**Data provided**
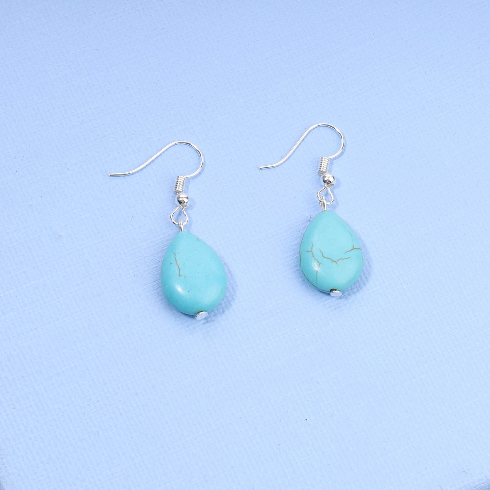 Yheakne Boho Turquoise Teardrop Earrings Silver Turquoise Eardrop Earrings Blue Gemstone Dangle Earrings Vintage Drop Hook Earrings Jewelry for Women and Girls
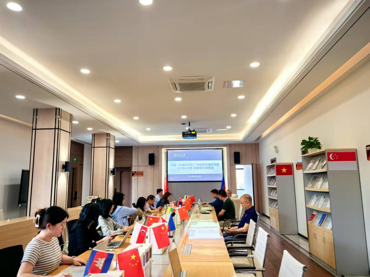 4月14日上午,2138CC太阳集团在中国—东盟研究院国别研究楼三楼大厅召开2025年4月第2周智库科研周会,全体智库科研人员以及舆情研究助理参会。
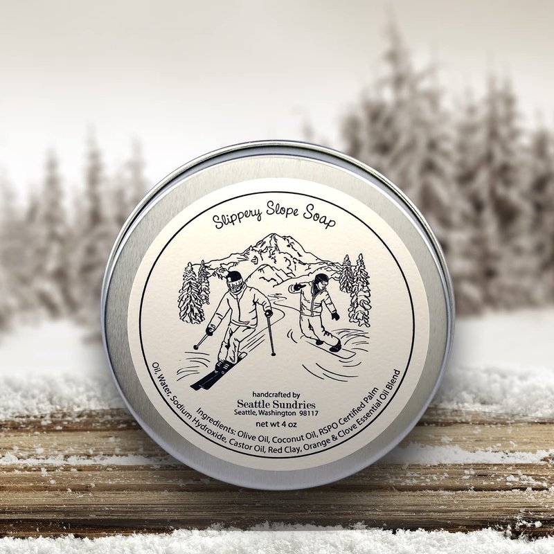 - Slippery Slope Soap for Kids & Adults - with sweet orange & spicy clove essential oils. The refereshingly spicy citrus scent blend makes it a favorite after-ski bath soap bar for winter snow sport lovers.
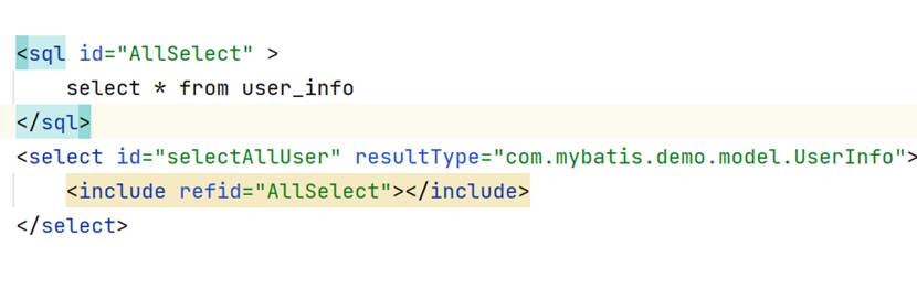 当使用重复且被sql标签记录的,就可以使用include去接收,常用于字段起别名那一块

**Work to be completed**
The expected output is the material above, repeated exactly and free of pictures.

**Answer to the problem**
 Yheakne Boho Turquoise Teardrop Earrings Silver Turquoise Eardrop Earrings Blue Gemstone Dangle Earrings Vintage Drop Hook Earrings Jewelry for Women and Girls
 4月14日上午,2138CC太阳集团在中国—东盟研究院国别研究楼三楼大厅召开2025年4月第2周智库科研周会,全体智库科研人员以及舆情研究助理参会。
 - Slippery Slope Soap for Kids & Adults - with sweet orange & spicy clove essential oils. The refereshingly spicy citrus scent blend makes it a favorite after-ski bath soap bar for winter snow sport lovers.
 当使用重复且被sql标签记录的,就可以使用include去接收,常用于字段起别名那一块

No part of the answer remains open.